■ Extracted data ■
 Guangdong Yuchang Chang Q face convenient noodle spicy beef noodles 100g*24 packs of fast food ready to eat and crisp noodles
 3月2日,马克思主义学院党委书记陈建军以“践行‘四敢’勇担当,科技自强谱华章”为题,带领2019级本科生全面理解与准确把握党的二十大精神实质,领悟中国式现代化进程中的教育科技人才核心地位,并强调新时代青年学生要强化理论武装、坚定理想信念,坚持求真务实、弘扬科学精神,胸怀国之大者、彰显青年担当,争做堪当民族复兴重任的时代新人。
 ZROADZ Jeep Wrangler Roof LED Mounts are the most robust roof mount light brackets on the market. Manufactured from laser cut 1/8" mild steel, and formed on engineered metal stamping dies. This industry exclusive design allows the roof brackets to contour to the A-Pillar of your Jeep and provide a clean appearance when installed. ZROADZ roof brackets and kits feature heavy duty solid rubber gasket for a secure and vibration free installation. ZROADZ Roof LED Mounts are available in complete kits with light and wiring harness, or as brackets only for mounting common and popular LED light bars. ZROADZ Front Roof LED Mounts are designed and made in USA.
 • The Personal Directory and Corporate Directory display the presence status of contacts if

* * *

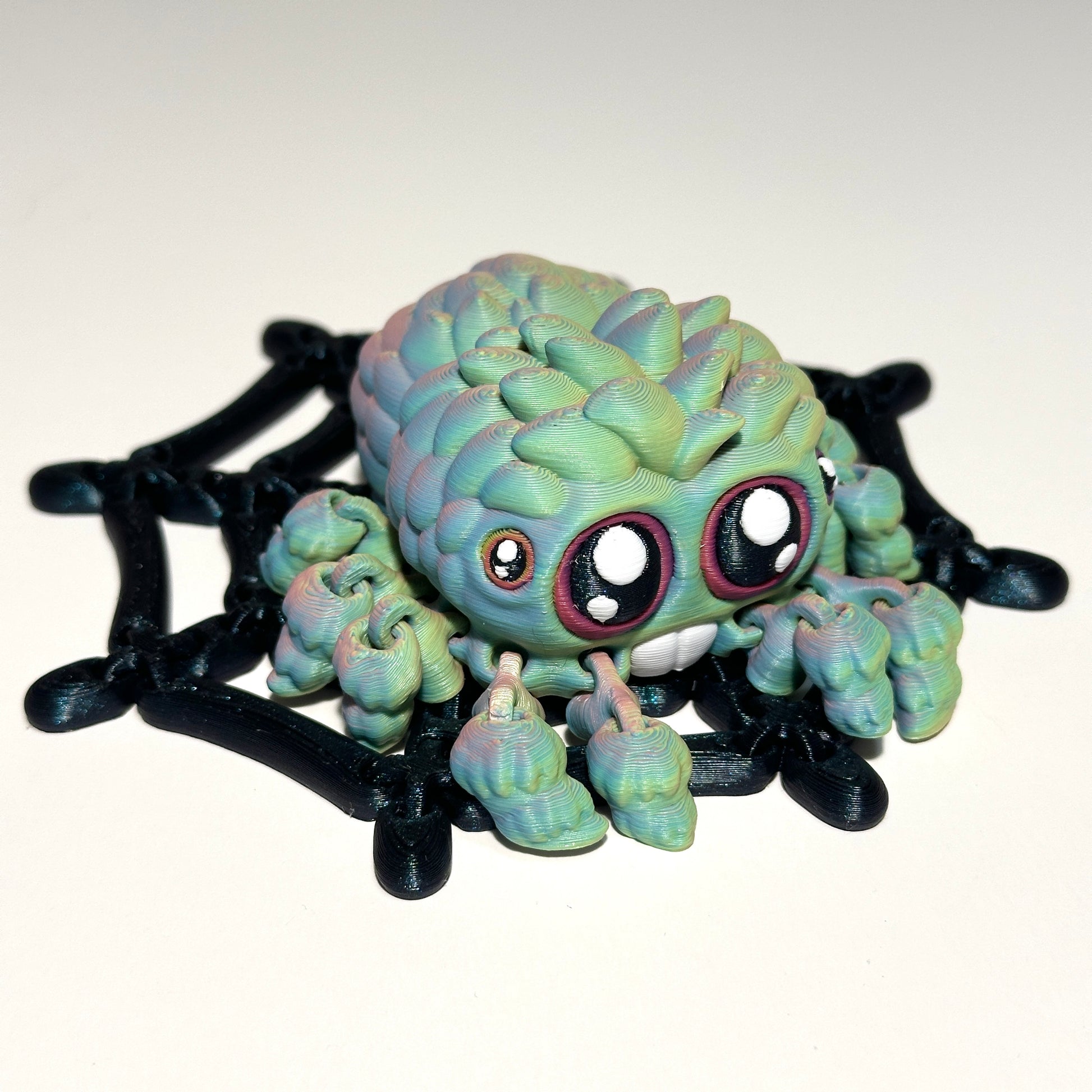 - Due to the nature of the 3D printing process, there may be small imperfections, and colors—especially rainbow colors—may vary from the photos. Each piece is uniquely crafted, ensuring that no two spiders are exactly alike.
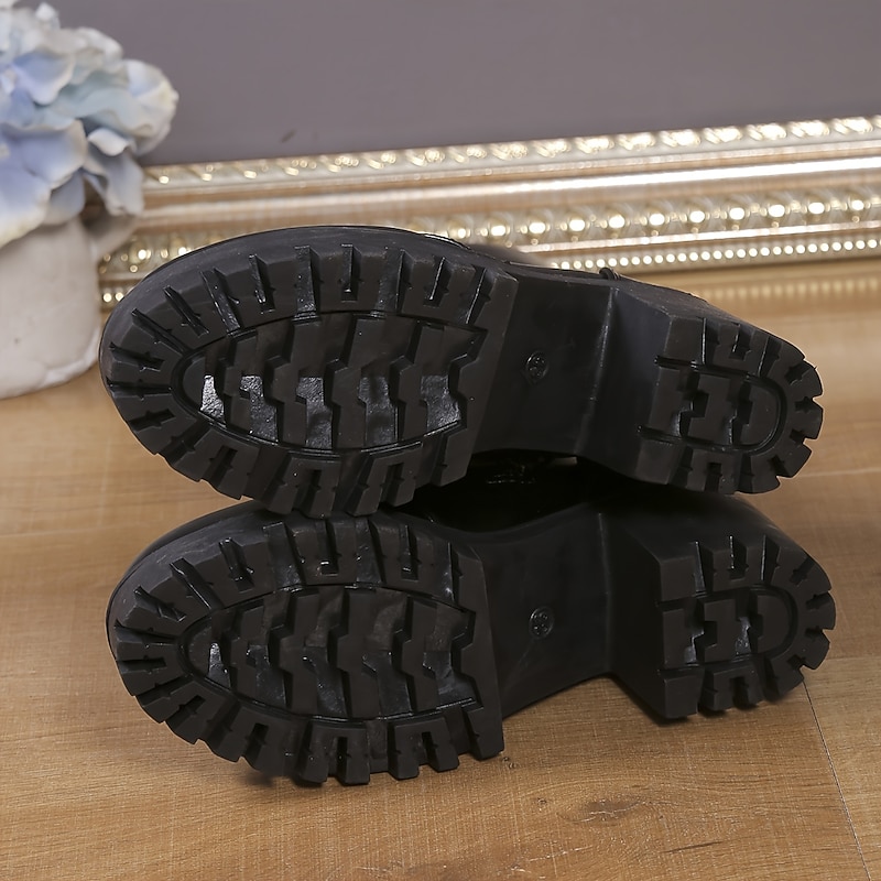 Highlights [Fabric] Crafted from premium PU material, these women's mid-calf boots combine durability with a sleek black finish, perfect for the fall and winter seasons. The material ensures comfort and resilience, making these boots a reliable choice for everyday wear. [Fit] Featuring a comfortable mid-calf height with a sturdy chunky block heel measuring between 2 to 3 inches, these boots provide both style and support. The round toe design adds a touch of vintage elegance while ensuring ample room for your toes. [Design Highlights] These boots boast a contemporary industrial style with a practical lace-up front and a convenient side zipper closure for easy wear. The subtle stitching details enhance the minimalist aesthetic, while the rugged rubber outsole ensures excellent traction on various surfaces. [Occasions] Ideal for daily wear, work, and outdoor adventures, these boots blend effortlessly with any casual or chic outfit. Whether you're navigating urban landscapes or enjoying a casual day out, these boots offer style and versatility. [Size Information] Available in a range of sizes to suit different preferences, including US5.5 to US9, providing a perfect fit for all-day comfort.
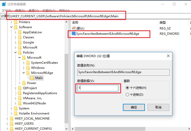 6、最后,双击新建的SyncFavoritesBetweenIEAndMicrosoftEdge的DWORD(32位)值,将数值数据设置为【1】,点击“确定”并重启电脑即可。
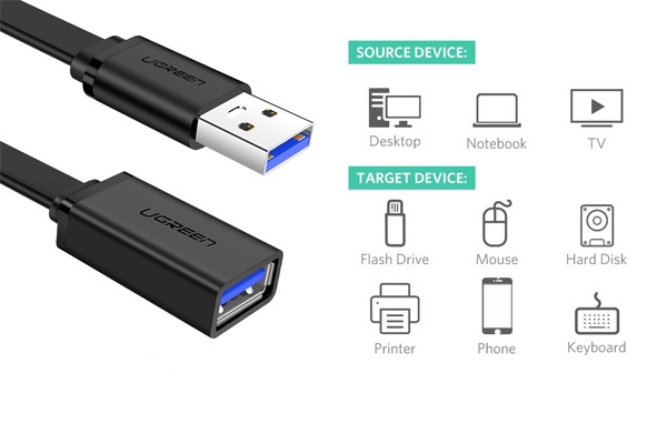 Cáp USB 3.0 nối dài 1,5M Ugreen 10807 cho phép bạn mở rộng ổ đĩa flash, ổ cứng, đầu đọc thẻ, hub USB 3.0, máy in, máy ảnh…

■ What you will do ■
Transcribe each line of the data above, unaltered, from the one where "Guangdong Yuchang Chang" appears to the one where "3月2日,马克思主义学院党委" appears, inclusive of both.

■ Reply to the exercise ■
 Guangdong Yuchang Chang Q face convenient noodle spicy beef noodles 100g*24 packs of fast food ready to eat and crisp noodles
 3月2日,马克思主义学院党委书记陈建军以“践行‘四敢’勇担当,科技自强谱华章”为题,带领2019级本科生全面理解与准确把握党的二十大精神实质,领悟中国式现代化进程中的教育科技人才核心地位,并强调新时代青年学生要强化理论武装、坚定理想信念,坚持求真务实、弘扬科学精神,胸怀国之大者、彰显青年担当,争做堪当民族复兴重任的时代新人。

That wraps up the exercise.